Diese Beobachtungen waren eigentlich auch das Spannendste des nachmittäglichen Markttreibens.
Zwar sprach dann noch die CDU-Parteivorsitzende, doch der weitgehend inhaltsleeren Rede, deren einzig klarer Punkt die Nennung des Wahltermins war, mochte, gemessen am Applaus, so recht niemand folgen.
Dabei hatte der freundliche Herr aus dem Rheinland, der auf der Bühne wie ein Animateur einer Ferienanlage wirkte, sein Bestes gegeben. Der Aufforderung, “Kommen sie aus den Cafès und setzen sie sich hier vorne auf die Bänke, damit wir eine schöne Kulisse haben, wenn die Kanzlerin denn kommt”, mochte fast niemand folgen. Ebenso ungehört verhallte sein Aufruf, die Anwesenden könnten “sich schon einmal warmklatschen”.
Als wäre es heute um den Preis für die beste nichtssagende Rede gegangen, war auch vom CDU-Landesvorsitzenden nicht wirklich etwas interessantes zu vernehmen. Das Einzige, was von dessen Rede haften blieb, “Wir müssen unsere Stärken stärken”. Aber diese Floskel hat er schon öfter zum Besten gegeben. Insoweit waren auch von von ihm keine Neuigkeiten zu erfahren.
In der gleichen Liga der Inhaltslosigkeit spielte Werner Kuhn. Der Landtagsabgeordnete fiel bislang eher dadurch auf, dass er beim politischen Aschermittwoch seiner Partei gern den Politclown gibt. Heute fiel er allerdings dadurch auf, dass er das Vermächtnis von Alfred Gomolka fortführen wolle, wie er erklärte. Allerdings war der Lokalzeitung erst jüngst zu entnehmen, der Ex-Ministerpräsident und derzeitige EU-Parlamentarier würde sich noch bester Gesundheit erfreuen. Das mit dem Vermächtnis muss dann wohl noch ein ganzes Weilchen warten.
Während CDU-Multifunktionär Liskow – wie fast immer – ein wenig überfordert schien, so, als er den CDU-Generalsekretär “Profalla” vorstellte und den Ex-Bürgermeister von Lubmin, der die Nachfolge des über die CDU-Spendenaffäre gestürzten Ulrich Adam antreten soll, in der Vorstellungsrunde gleich gänzlich vergaß und erst auf diesen Lapsus hingewiesen werden musste, versuchte Malermeister Axel Hochschild mit seinem Schlusswort zu retten was nicht mehr zu retten war, und dankte seiner Parteivorsitzenden, für die, wie er sie empfunden haben muss, klaren Worte.
Angesichts dessen verwundert es nicht, dass die CDU-Prominenz sich vornehmlich selbst beklatschte.
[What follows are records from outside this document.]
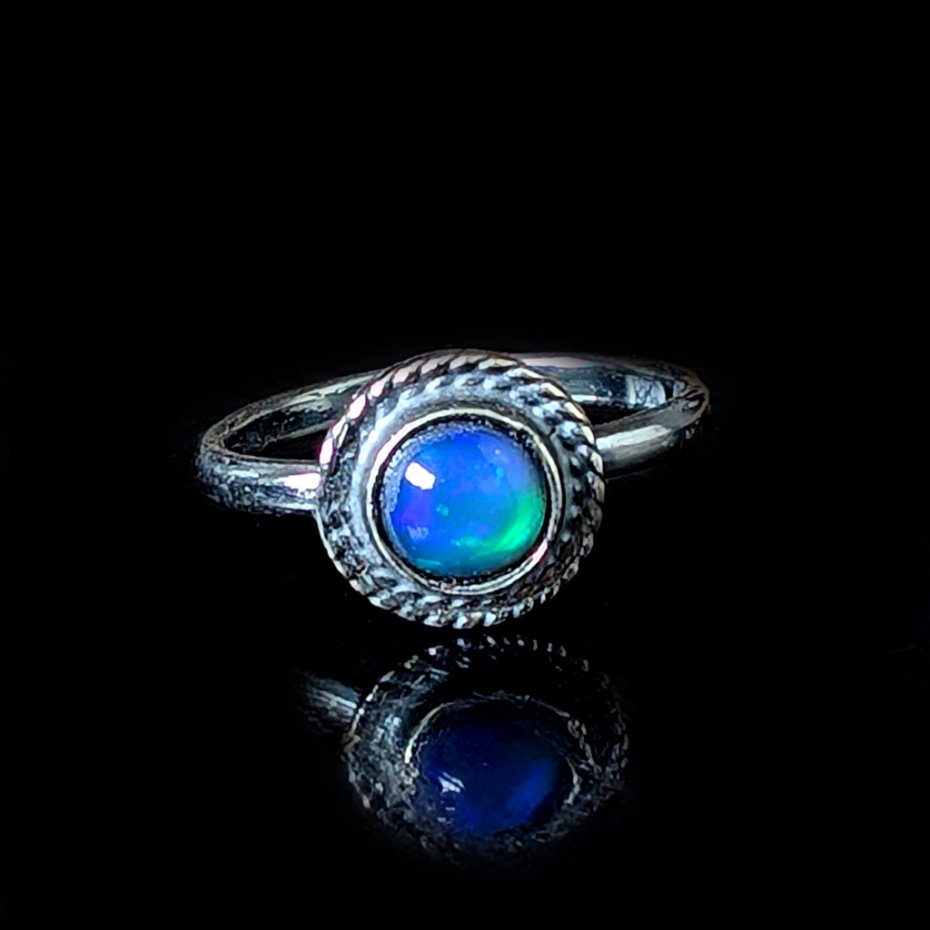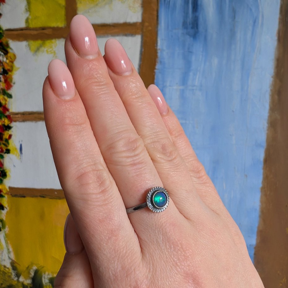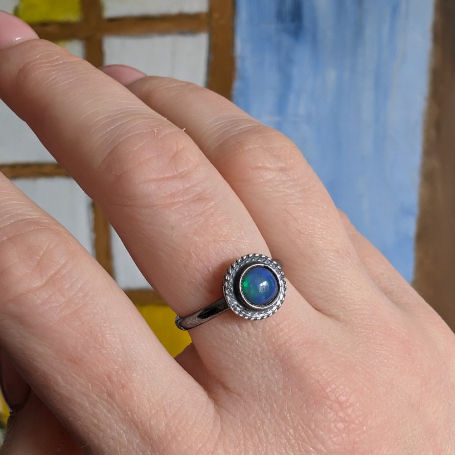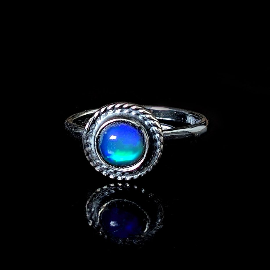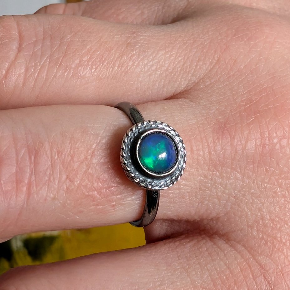 Pierścień z oprawionym opalem etiopskim o niebieskiej tafli z zieloną poświatą. Srebro pr.925, oksydowane. Srednica oprawy 9 mm. Waga 2,7 g. Rozmiar jubilerski 16. Obrączka ma 2 mm szerokości. Zapakowany w ozdobne pudełeczko.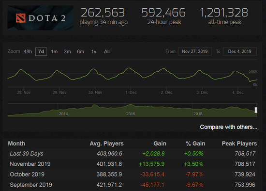 天下苦7.22久矣,在7.23到来一周之后的今天,从SteamCharts的数据能够直观的看出,DOTA2的玩家数终于有了上升。虽热回暖的幅度并不大,但也算是重回了日均40万的大关。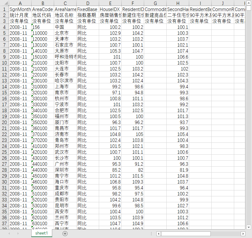 统计月度 地区代码 地区名称 指数基期 房屋销售价格指数 新建住宅价格指数 新建商品住宅价格指数 二手住宅价格指数 90平方米及以下新建住宅价格指数 90平方米及以下新建普通住宅价格指数 90平方米及以下新建商品住宅价格指数 90-144平方米新建商品住宅价格指数 144平方米以上新建商品住宅价格指数 90平方米及以下二手住宅格指数 90-144平方米二手住宅价格指数 144平方米以上二手住宅价格指数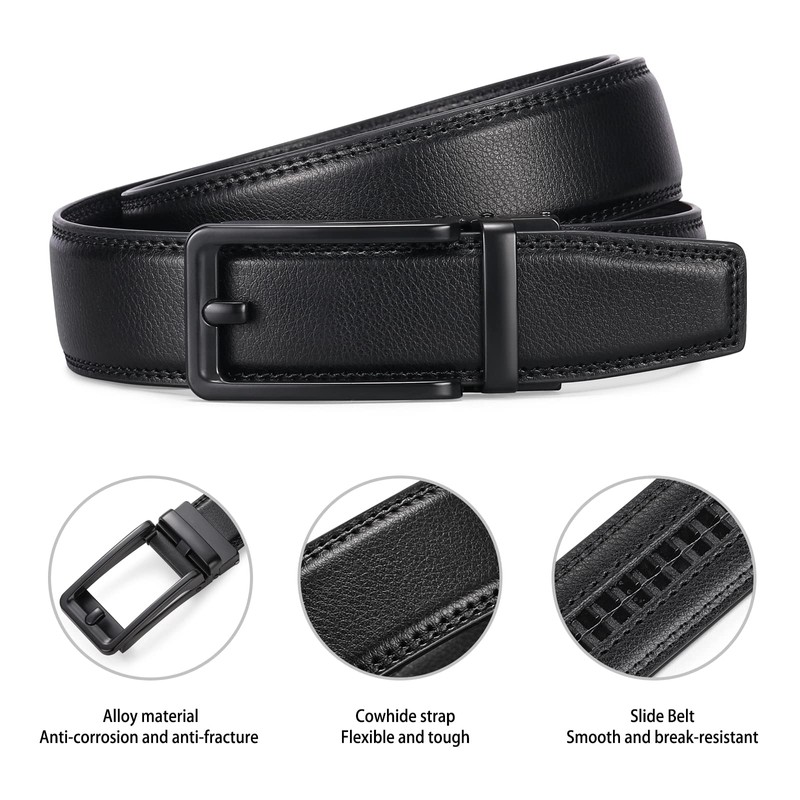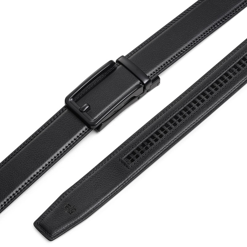 - Easy to use: slide the men's leather belt into the automatic buckle and the hole-less belt closes automatically. Lift the automatic ratchet buckle and the belt opens. A simple system for a stress-free everyday life. Simple, smooth and stylish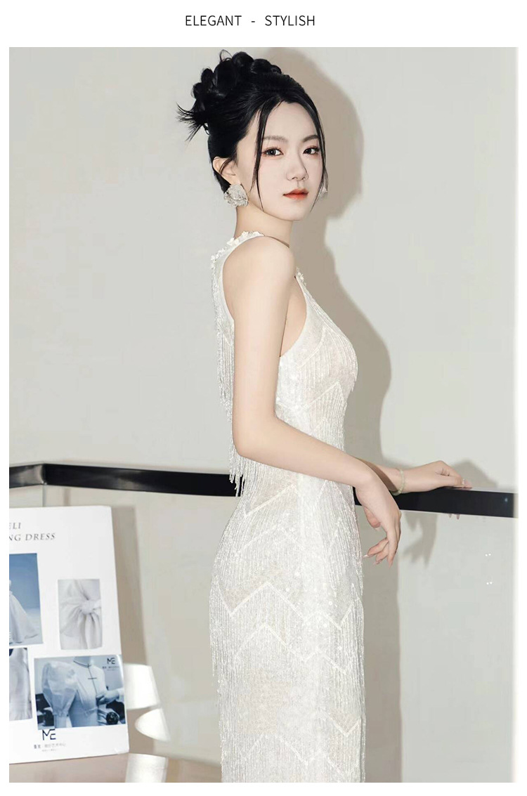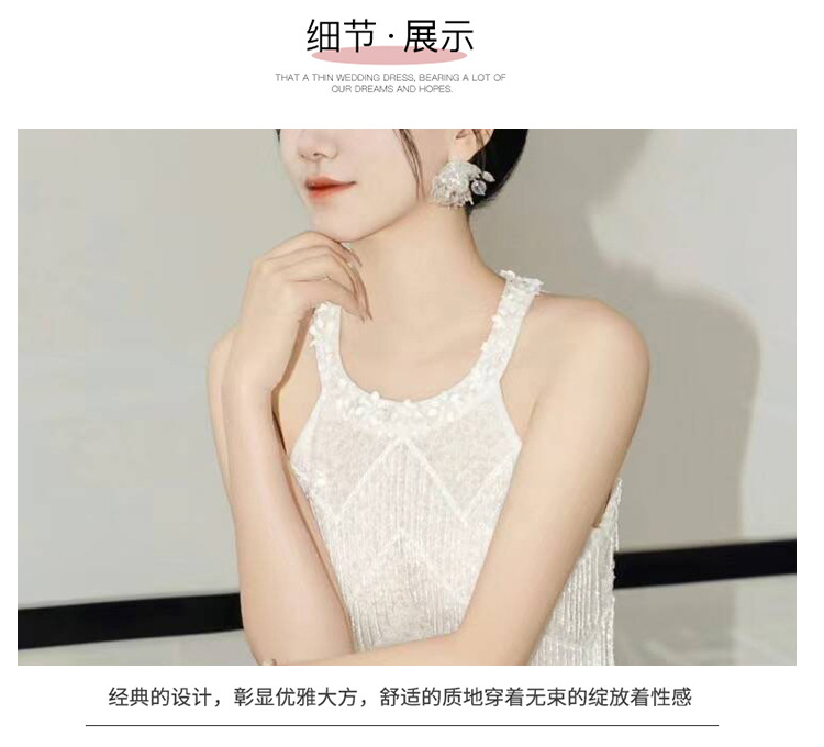 亮片轻婚纱细闪高端轻奢白色挂脖法式出门纱鱼尾流苏晨袍礼服显瘦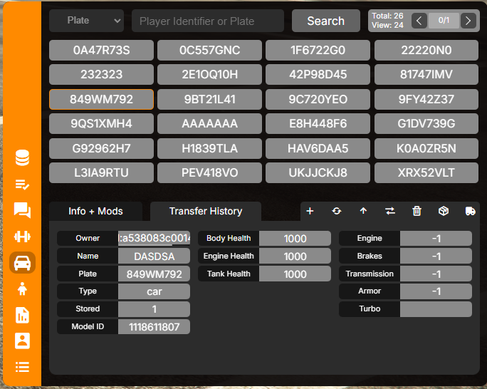 - When in admin duty mode, you gain access to additional controls by pressing “E” while targeting a player or vehicle. This opens a menu with detailed information about the selected entity.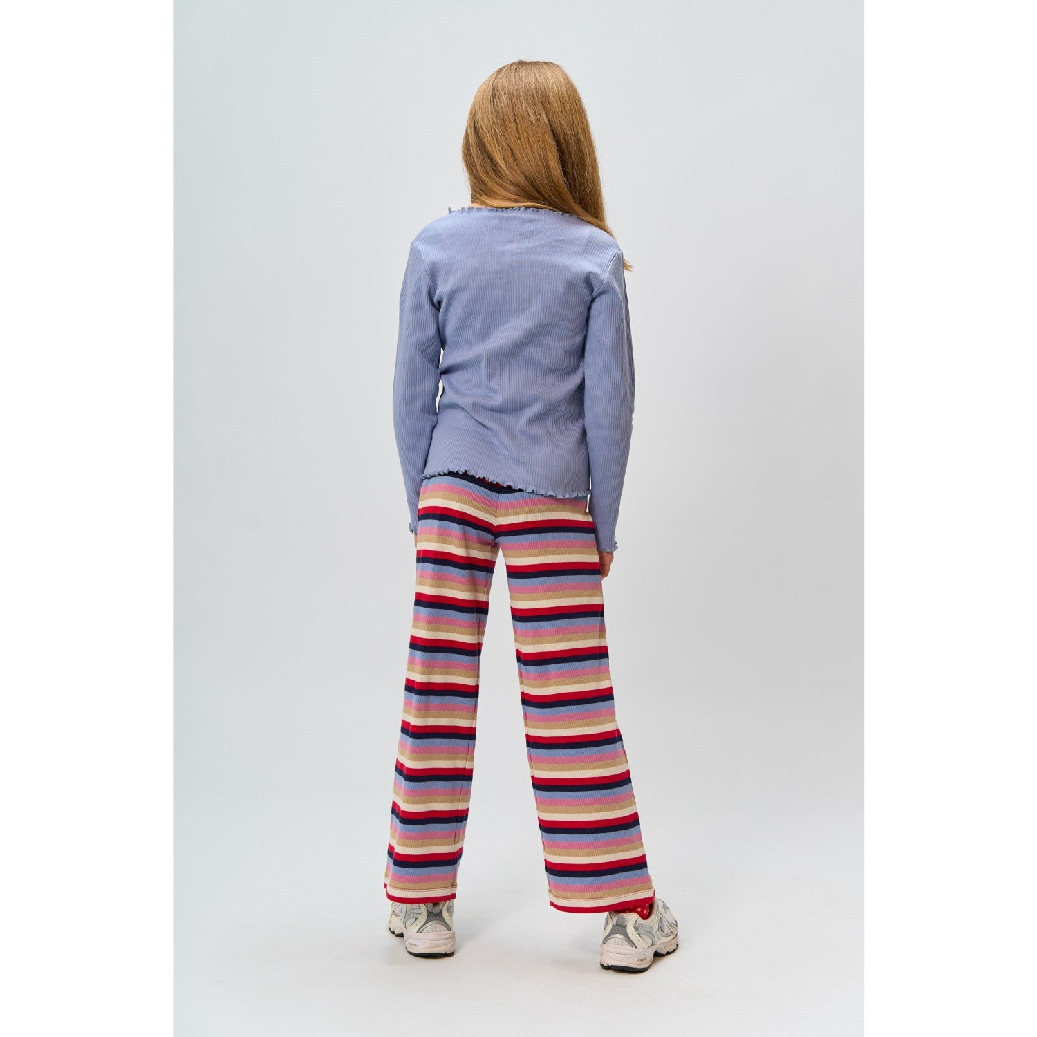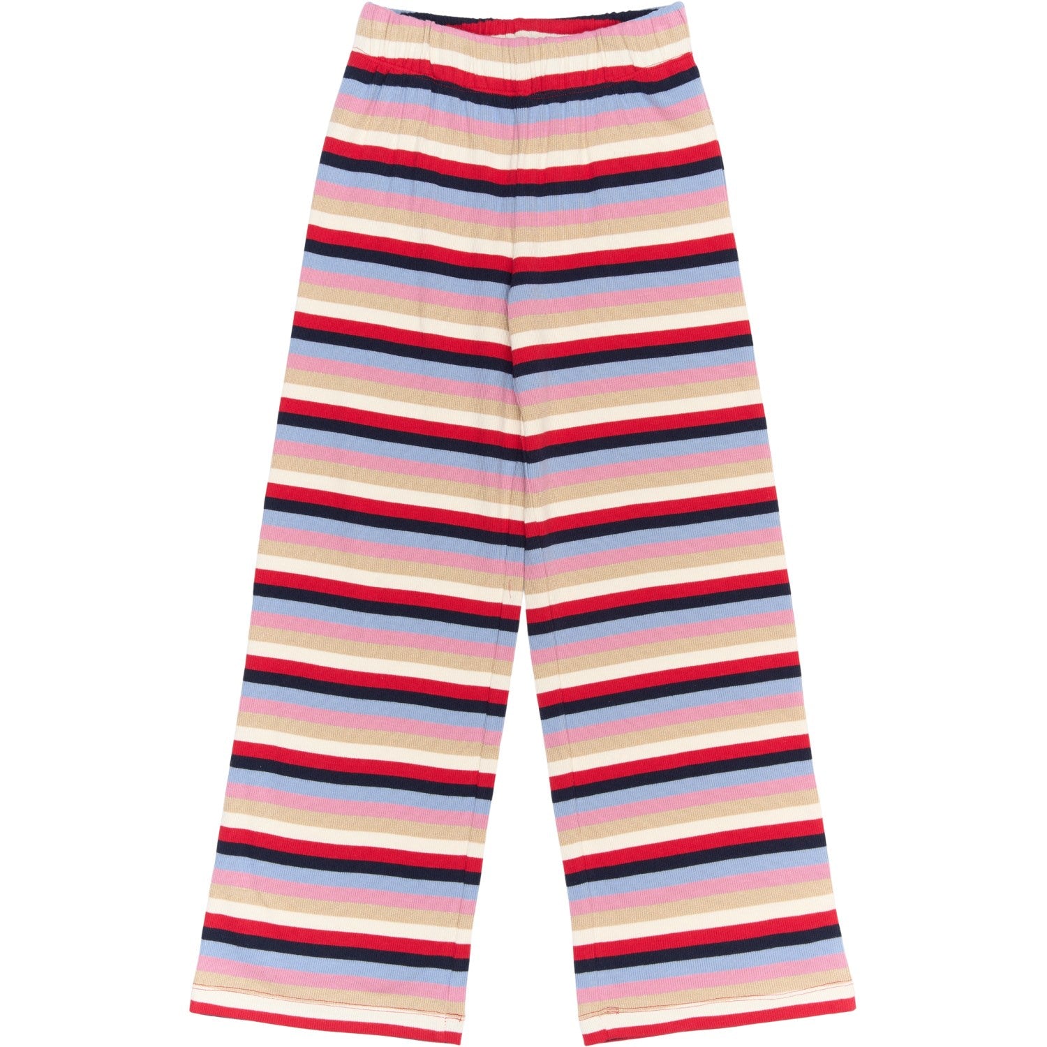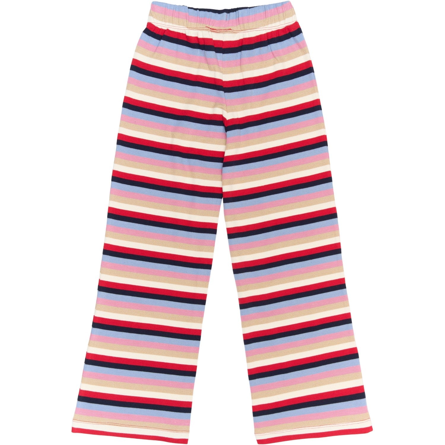 Oppdag de sjarmerende Multi Striped Rosie Wide Rib Bukser fra THE NEW, perfekt for enhver leken anledning. Denne behagelige buksen er laget med et mykt, ribbestrikket materiale som sikrer komfort hele dagen. Med horisontale striper i flotte farger og varierende tykkelser, tilbyr den et iøynefallende design. Den brede, elastiske linningen sikrer at buksen sitter godt, mens det vide benet gir optimal bevegelsesfrihet. Ideell for hverdagsbruk eller til å dress opp med en stilig topp for spesielle sammenkomster. Kombinér med TNRosie ribbet-t-skjorte for et komplett, stilig sett. Enkelt å vedlikeholde og ypperlig for aktive barn.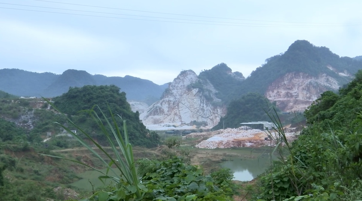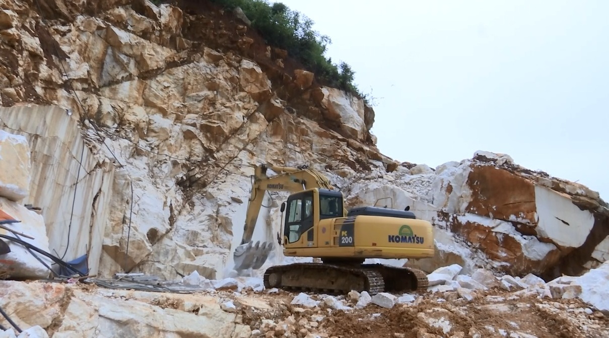 Một khung cảnh khai thác đá trắng tại xã Châu Cường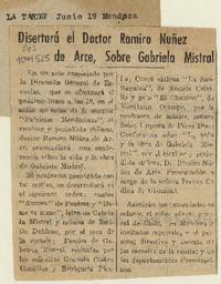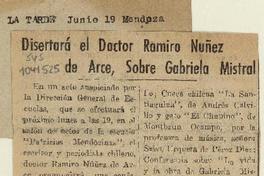 Disertará el doctor Ramiro Nuñez de Arce, sobre Gabriela Mistral. [artículo] La Tarde (Diario : Mendoza, Argentina)-- jun. 19, 1948, s/n. .
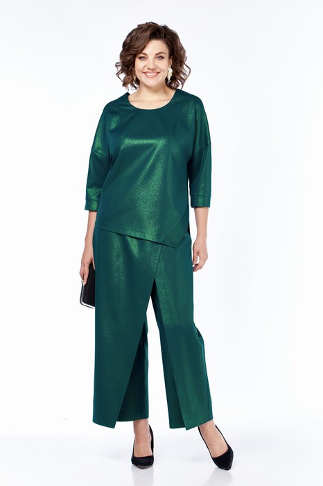 Женский нарядный двухпредметный костюм состоит из блузы и брюк с имитацией юбки спереди,выполнен из плательно-костюмной однотонной ткани с блестящим напылением.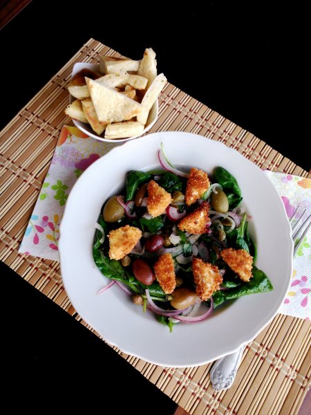 Szóval minden hétre meg volt adva a téma, ami szerint fel kellett tölteni a recepteket, általában valamelyik nemzet konyhája. Volt egy görög hét is, erre találtam ki ezt a salátát.

Das erhoffte Heimspiel der CDU-Parteivorsitzenden jedenfalls fiel, trotz der zahlreichen Besucher, aus.
Für die Staatsschützer gab es an diesem sonnigen Tag nichts zu tun. Denn bis auf die “Freien Wähler”, die mit einigen Wahlplakaten und Handzetteln auf sich aufmerksam machten, den Hilferuf einiger irakischer Mitbürger, die sich von der CDU-Parteivorsitzenden Hilfe beim Bürokratieabbau erhofften, gab es noch einen Einzeldemonstranten, der den “TOT alen Markt” forderte. Herausgefordert fühlte sich der Bausparkassenvertreter und Bürgerschaftskandidat Winfried Zink, der den Demonstranten darauf hinwies, dass es da wohl einen Rechtschreibfehler gäbe.
Was es allerdings gab, einen Hoffnungschimmer oder besser einen Ballon, welcher über dem Eingang zum Marktplatz im Schuhhagen schwebte, und an dem ein Transparent verkündete, dass “Greifswald Grün wird”. Nachdem verlorenen Heimspiel der CDU, dürfte dies auch nicht unwahrscheinlich sein.



1. Manfred Peters
Kommentar vom 1. Juni 2009 um 18:05
Die wichtigste Botschaft ist den Grünen natürlich entgangen. Angie hat das deutsche Brot vor der EU gerettet. Bäcker Vorpommerns vereinigt euch und wählt CDU!